純度を表す言葉として高純度や超高純度などが使われますが、それらが意味するところは対象によっても異なります。純度が90%程度でも高純度と呼ばれるものもあれば純度が99.99%でも低純度となる場合があり、使う目的によっても場面によっても求められる純度は異なります。また、測る方法によっても「純度」の数値は変ります。純度を数値を基にして高いか低いかを示す必要がない場合は感覚的に品質がいいことを謳う言葉として「高純度」などが使用されますが、単に含まれる物質の量が多いことを表すだけの場合があります。今回は純度についてまとめてみました。


純度を測る目的

貴金属はそのものに価値があるため純度が数値化され、それ以外では物質の性能に影響する場合などに純度を示す数字が必要になります。純度を数値として表示することができるようになったのは、科学的な分析方法が開発されてきたためで比較的最近の話です。

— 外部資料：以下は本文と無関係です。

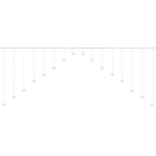 sPEZIFIKATIONEN -Anzahl der Modi: 8; Art der Beleuchtung; LED; Farbe des Lichts: multicolor; Farbe der Leitung: transparent; Anzahl der LEDs: 136; Wasserdichtigkeitsklasse: IP44; Fernbedienung: ja; Stromversorgung: Netzstrom; Leistung: 1,2 W; Größe eines Sterns: 9 cm; Gesamtlänge: 535 cm; Länge des Eiszapfens: 100 cm; Gewicht: 0,388 kg; Gewicht in der Verpackung: 0,494 kg.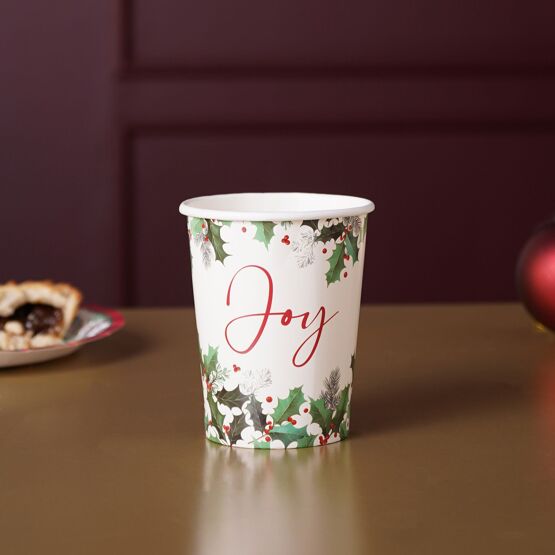 Each paper cup features the word "Joy" in elegant script, surrounded by a classic holly motif in rich green and red tones. The design captures the warmth and cheer of Christmas, making every sip feel special.
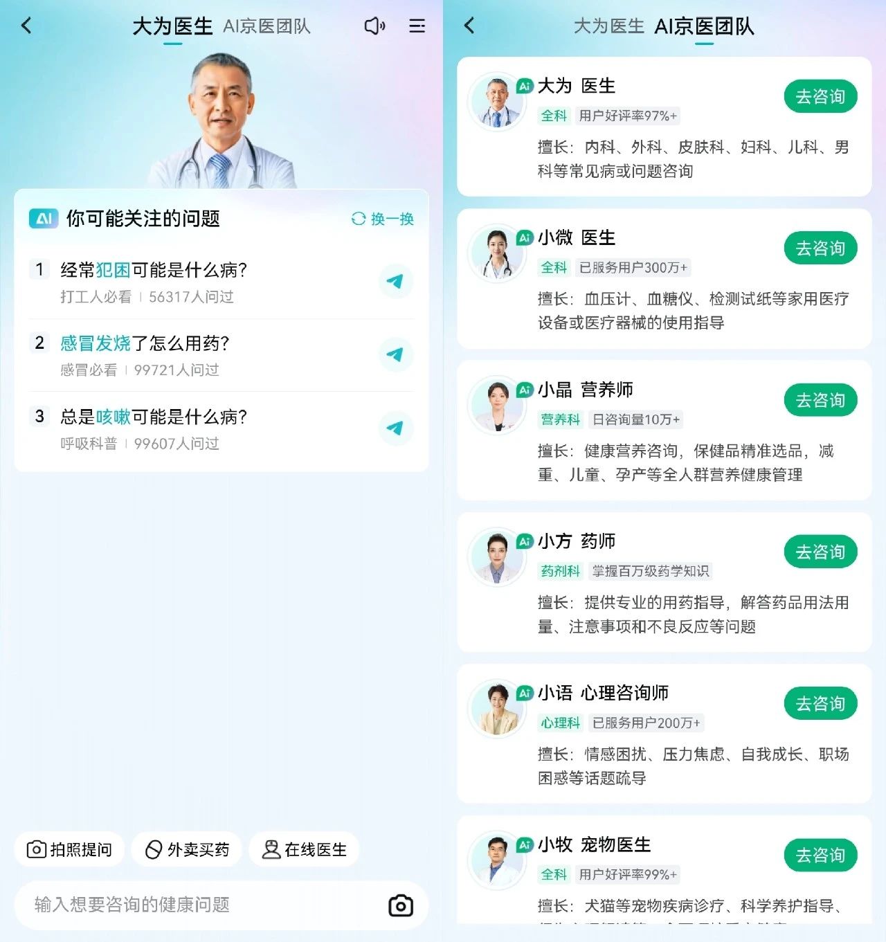 2023年7月,「京醫千詢」大模型上線。據京東健康介紹,AI營養師在替代真人進行導購時,在知識全面性上有天然的優勢。

金の純度は刻印で知ることができますが、刻印がない場合や怪しい金製品の場合、金の純度を知るためには試金石と呼ばれる石板に素材をこすりつけ線の色を見る、また、硝酸を加えて線が消えないかどうかを確認することなどの方法があり、試金石は現在でも使用されています。貴金属以外で純度が重要なものとしては水があります。水は工業用水として産業に大量に利用されています。目的に応じて求められる純度は異なりますが、一般的に超純水と呼ばれる水は活性炭やイオン交換樹脂、逆浸透膜などを用いて菌、微粒子、有機物、無機物、イオン、用途によってはガスを除いており生化学の研究や医薬品製造、半導体製造の場などで使用されます。水の純度は電気抵抗で測定しますが、理論的に水だけの場合は18.24 mΩ/cmの値となります。また、私たちのような分析会社では試薬の純度が重要になってきます。純度は分析機能を発揮する物質の「きれいさ」を示すものですが、求められる機能を発揮するには、その純度だけではなく含まれる不純物の管理も重要になってきます。そのため、試薬の製品規格には、純度の他に金属含量や水分含量、強熱残分、融点、水溶状、性状などの項目があります。また、使用する目的によってはDNA分解酵素などの酵素活性など特定の物質の汚染がないことを証明する試験が求められます。化成品と呼ばれる有機化合物を用いて製品を作る場合、化成品の製造原料の違いや反応工程、後処理工程、精製工程のわずかな違いによって生じる不純物が製品の性能に影響する場合があります。その場合、不純物の量を測定して管理することも可能かと思われますが、機能に影響を与える不純物が不明で、また、総合的に不純物が関与する場合も考えられるため、実際に製品を作ってみてキチンと機能するか、保存期間中に劣化しないかなど多くの項目を確認する必要が生じる場合があります。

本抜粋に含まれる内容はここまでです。